Alcohol, Capacity, Consent, and Reasonable Belief in Sexual Assault Cases
This program examines how alcohol consumption, memory science, and cognitive suggestibility affect sexual assault prosecutions, giving defense attorneys the tools to challenge unreliable testimony. You will learn the science behind alcohol-induced amnesia, why it impacts memory rather than volition, and how complainants may appear credible on the stand while unknowingly reconstructing false memories.
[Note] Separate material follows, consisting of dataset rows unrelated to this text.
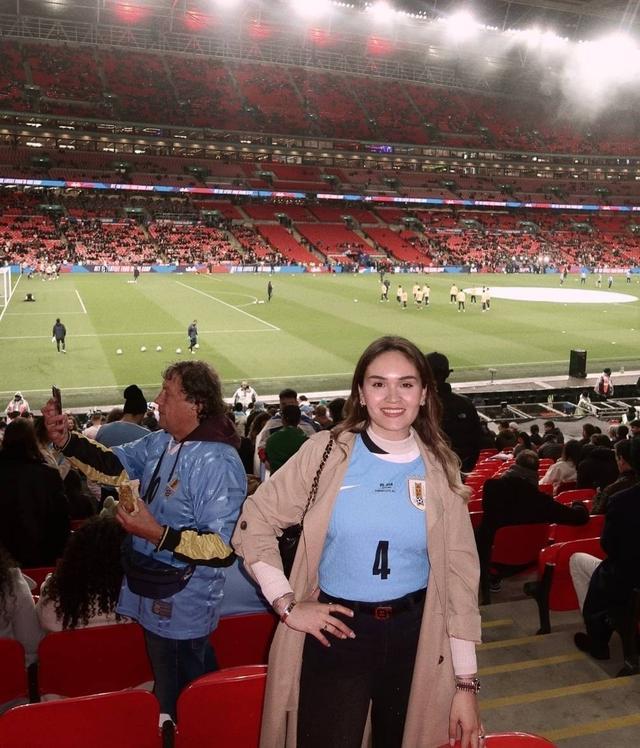日前,阿劳霍爱妻阿比盖尔-奥莉维拉发布了社交媒体动态,动态显示她来到伦敦,现场观看了乌拉圭vs英格兰的比赛。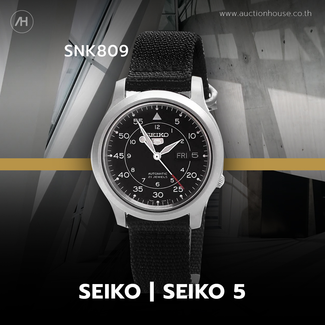 SEIKO 5 คือซีรีย์แห่งความคุ้มค่า เปิดตัวในปี 1963 ด้วยแนวคิดนวัตกรรมหลัก 5 อย่างคือ 1. มีหน้าต่างบอกวันที่ ซึ่งเป็นเรื่องแปลกตาในสมัยนั้น 2. มี In-house Automatic Movement พร้อมกับระบบป้องกันการสั่นสะเทือน ที่เรียกว่า Diashock ซึ่งเทียบชั้นระบบกันสั่น Swiss Incabloc System ได้ 3. ทุกรุ่นสามารถกันน้ำได้ 4. มี Mainspring รุ่น Diaflex ที่ทนทานพร้อมกับเคสที่แข็งแรง 5. มีเม็ดมะยมที่ถอยลงมาอยู่ที่ตำแหน่ง 4 นาฬิกาที่ไม่เหมือนใคร ซึ่ง 5 นวัตกรรมทั้งหมดนี้คือที่มาของชื่อ “SEIKO 5” เนื่องจาก SEIKO 5 มีหลายรุ่นย่อยมากวันนี้เราจะขอแนะนำรุ่น SNK809 ซึ่งเป็นรุ่นที่คุ้มค่าตัวที่สุด ตัวเรือนใช้เคส Stainless Steel ขนาด 37 มิลลิเมตร ผิวด้านหน้าและด้านข้างเป็นแบบด้านและด้านหลังเป็นแบบขัดเงา มีหน้าปัดขนาดเล็ก กระจกเป็นคริสตัล Hardlex ที่ SEIKO ออกแบบเองจึงมีความทนทานกว่ากระจกทั่วไป กันน้ำลึกได้ถึง 30 เมตร จุดเด่นคือด้านหลังเปลือยเพื่อให้ผู้สวมใส่รับชม In-house Automatic Movement ได้อย่างชัดเจน ซึ่งทั้งหมดนี้มีราคาอยู่ในช่วง 2,500 บาทเท่านั้น!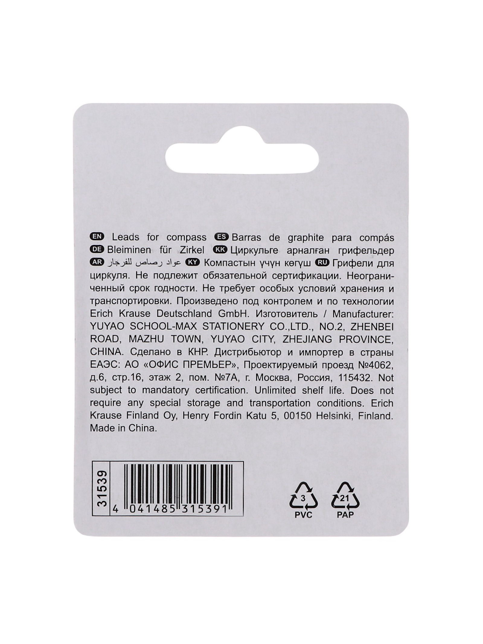 Набор грифелей для циркулей в блистере, 7x10x1 см., ErichKrause, Китай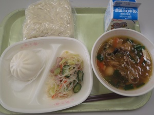 今日の給食の彩の国肉まんは、埼玉県産の豚肉や小麦粉を使用しており、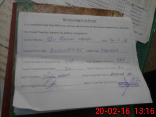 | Certified that this School was Inspected by the Undersigned MEA/DMO Today and the Information Stated Above is as Per Record. | |||||

The program also explains how training programs and cultural messaging can contaminate perceptions of consent, creating jurors and witnesses predisposed to interpret later regret or discomfort as assault.
Defense attorneys will gain practical strategies for reframing “blackouts” as alcohol-induced amnesia and for demonstrating that an individual may have been capable of consent despite lacking later memory of events. The session emphasizes how to distinguish between short-term behaviors and long-term memory formation, and how to highlight to juries that intoxication alone does not negate volition. These arguments are critical to raising reasonable doubt when consent or mistake-of-fact defenses are at issue.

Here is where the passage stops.